*** WORKING DATA ***

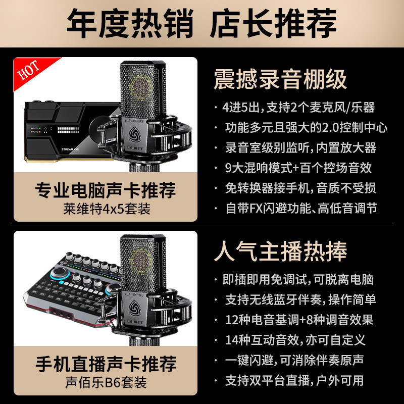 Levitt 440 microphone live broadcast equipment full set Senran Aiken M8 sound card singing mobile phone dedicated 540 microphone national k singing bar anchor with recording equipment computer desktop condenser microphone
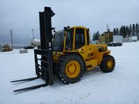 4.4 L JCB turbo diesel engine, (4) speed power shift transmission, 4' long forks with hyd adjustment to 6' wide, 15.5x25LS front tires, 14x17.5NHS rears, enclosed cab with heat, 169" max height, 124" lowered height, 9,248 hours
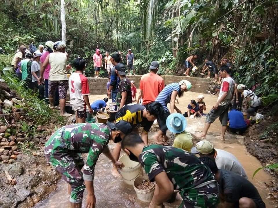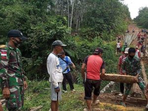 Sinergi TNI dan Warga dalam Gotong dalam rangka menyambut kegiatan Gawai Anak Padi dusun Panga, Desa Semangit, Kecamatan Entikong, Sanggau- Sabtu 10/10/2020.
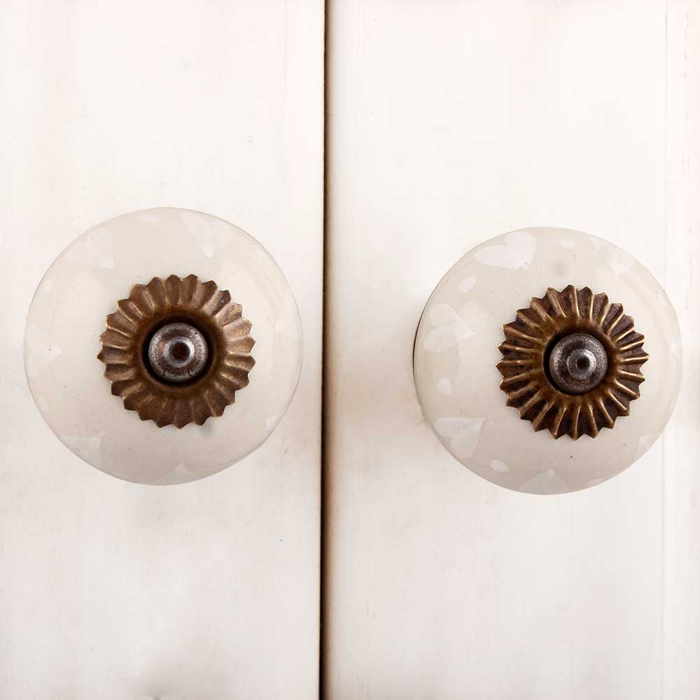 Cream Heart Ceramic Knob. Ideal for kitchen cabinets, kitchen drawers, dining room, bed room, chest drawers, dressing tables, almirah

***
*** WORKING DATA ***

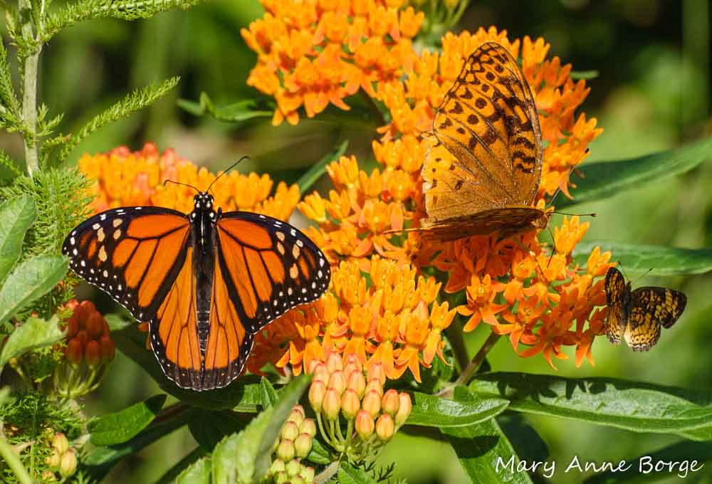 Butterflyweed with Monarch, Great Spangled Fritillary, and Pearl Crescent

***
*** WORKING DATA ***

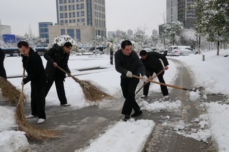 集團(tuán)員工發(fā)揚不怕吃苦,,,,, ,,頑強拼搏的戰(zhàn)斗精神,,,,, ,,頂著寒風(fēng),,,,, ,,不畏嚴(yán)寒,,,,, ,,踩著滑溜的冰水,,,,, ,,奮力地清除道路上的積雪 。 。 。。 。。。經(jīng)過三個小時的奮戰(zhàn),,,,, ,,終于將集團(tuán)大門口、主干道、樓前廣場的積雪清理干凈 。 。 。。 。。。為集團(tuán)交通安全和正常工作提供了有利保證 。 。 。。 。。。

***

Look back over the records above. Reproduce exactly everything from the line with "Levitt 440 microphone" down to the line with "Cream Heart Ceramic", inclusive, and leave the pictures out.

 Levitt 440 microphone live broadcast equipment full set Senran Aiken M8 sound card singing mobile phone dedicated 540 microphone national k singing bar anchor with recording equipment computer desktop condenser microphone
 4.4 L JCB turbo diesel engine, (4) speed power shift transmission, 4' long forks with hyd adjustment to 6' wide, 15.5x25LS front tires, 14x17.5NHS rears, enclosed cab with heat, 169" max height, 124" lowered height, 9,248 hours
 Sinergi TNI dan Warga dalam Gotong dalam rangka menyambut kegiatan Gawai Anak Padi dusun Panga, Desa Semangit, Kecamatan Entikong, Sanggau- Sabtu 10/10/2020.
 Cream Heart Ceramic Knob. Ideal for kitchen cabinets, kitchen drawers, dining room, bed room, chest drawers, dressing tables, almirah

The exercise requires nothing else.